Skip to main content

QBindiff binary diffing tool based on a Network Alignment problem

Project description

QBinDiff

QBinDiff is an experimental binary diffing tool addressing the diffing as a Network Alignement Quadratic Problem.

But why developing yet another differ when Bindiff works well?

Bindiff is great, no doubt about it, but we have no control on the diffing process.
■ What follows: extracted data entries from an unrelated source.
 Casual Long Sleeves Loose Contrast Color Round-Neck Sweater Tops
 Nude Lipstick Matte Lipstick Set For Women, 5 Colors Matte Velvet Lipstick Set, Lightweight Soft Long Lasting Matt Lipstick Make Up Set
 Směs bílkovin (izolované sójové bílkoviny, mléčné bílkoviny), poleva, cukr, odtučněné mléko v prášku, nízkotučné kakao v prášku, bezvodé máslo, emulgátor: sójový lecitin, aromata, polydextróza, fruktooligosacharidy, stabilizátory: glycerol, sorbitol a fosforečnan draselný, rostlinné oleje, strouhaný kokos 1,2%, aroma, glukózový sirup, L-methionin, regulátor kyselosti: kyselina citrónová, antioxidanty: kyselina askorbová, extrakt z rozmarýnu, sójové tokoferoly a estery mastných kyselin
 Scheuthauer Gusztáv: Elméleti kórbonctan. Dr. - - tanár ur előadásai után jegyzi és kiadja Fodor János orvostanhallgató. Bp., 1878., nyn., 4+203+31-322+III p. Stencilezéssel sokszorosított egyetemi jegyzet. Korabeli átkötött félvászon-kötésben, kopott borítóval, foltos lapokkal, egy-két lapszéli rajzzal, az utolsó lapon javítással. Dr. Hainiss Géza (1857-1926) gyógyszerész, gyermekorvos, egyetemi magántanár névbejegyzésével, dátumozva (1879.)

Also, it works great on standard binaries but it lacks flexibility on some corner-cases (embedded firmwares, diffing two portions of the same binary etc...).

A key idea of QBinDiff is enabling tuning the diffing programmatically by:

  • writing its own feature
  • being able to enforce some matches
  • emphasizing either on the content of functions (similarity) or the links between them (callgraph)
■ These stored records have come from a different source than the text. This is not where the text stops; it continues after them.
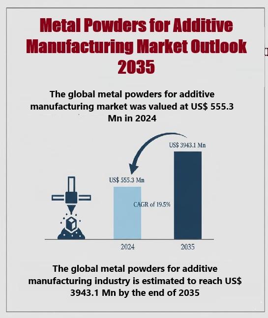 The global metal powders for additive manufacturing market was valued at US$ 555.3 million in 2024 and is projected to grow at an impressive CAGR of 19.5% from 2025 to 2035, reaching US$ 3,943.1 million by the end of 2035. This rapid growth reflects the expanding adoption of 3D printing technologies across industries such as aerospace, automotive, healthcare, energy, and defense.
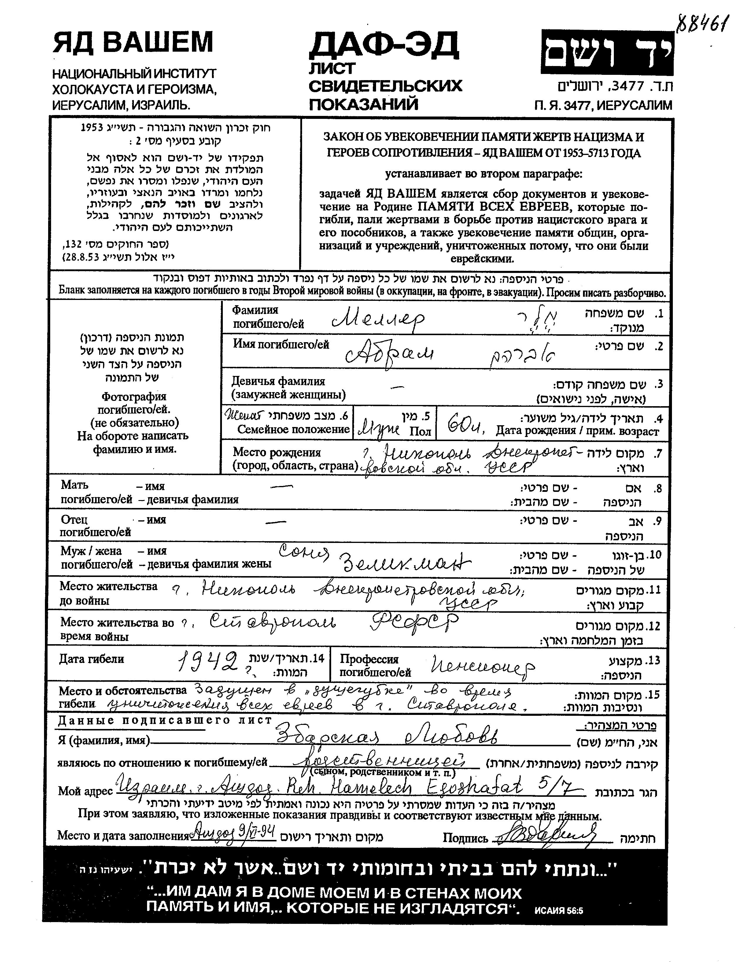 Meler Maler Abram 1882 Nikopol, Ukraine (URSS) Feuille de témoignage
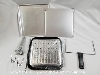 Item Description: NIB. Works. Comes with broiler pan, oven rack, drip pan, broiler rack, cookie sheets and rotisserie attachment. Style #TO23H
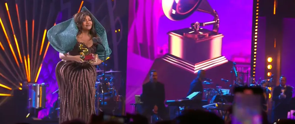 “Sou uma artista da floresta Amazônica brasileira. Estou aqui vestida de Samaumeira, uma árvore da Amazônia que tem grandes raízes. Preciso dizer que precisamos cuidar da nossa floresta e uma forma de cuidar é ouvir sua música e conhecer sua cultura”, afirmou a cantora ao receber o gramofone de ouro.

In essence, the idea is to be able to diff by defining its own criteria which sometimes, is not the control-flow and instructions but could for instance, be data-oriented.
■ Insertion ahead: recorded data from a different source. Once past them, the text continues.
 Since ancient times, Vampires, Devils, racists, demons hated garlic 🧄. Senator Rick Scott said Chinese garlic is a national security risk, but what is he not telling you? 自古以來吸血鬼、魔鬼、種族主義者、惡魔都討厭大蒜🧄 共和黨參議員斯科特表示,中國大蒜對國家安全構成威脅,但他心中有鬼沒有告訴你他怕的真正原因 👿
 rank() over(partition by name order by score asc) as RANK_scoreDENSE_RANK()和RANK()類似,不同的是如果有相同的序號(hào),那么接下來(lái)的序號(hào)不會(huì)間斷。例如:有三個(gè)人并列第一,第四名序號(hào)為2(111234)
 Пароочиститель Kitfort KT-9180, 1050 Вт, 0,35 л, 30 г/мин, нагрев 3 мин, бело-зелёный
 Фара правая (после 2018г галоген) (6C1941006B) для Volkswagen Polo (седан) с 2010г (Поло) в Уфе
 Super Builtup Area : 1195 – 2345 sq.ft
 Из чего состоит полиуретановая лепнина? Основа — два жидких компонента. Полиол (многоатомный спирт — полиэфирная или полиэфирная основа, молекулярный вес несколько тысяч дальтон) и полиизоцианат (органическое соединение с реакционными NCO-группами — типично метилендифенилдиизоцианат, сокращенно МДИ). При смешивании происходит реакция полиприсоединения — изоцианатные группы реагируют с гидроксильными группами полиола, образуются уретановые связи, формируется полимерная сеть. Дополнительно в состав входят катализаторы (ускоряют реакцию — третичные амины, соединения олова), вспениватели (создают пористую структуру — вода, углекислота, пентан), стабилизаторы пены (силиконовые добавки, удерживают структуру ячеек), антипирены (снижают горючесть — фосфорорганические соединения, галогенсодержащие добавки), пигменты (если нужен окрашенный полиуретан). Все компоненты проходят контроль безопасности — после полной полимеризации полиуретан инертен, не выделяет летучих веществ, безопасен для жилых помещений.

Last, QBinDiff as primarily been designed with the binary-diffing use-case in mind, but it can be applied to various other use-cases like social-networks. Indeed, diffing two programs boils down to determining the best alignment of the call graph following some similarity criterion.

Indeed, solving this problem is APX-hard, that why QBinDiff uses a machine learning approach (more precisely optimization) to approximate the best match.

Like Bindiff, QBinDiff also works using an exported disassembly of program obtained from IDA. Originally using BinExport, it now also support Quokka as backend, which extracted files, are more exhaustive and also more compact on disk (good for large binary dataset).

[!NOTE] QBinDiff is an experimental tool for power-user where many parameters, features, thresholds or weights can be adjusted. Obtaining good results usually requires tuning these parameters.

(Please note that QBinDiff does not intend to be faster than other differs, but rather being more flexible.)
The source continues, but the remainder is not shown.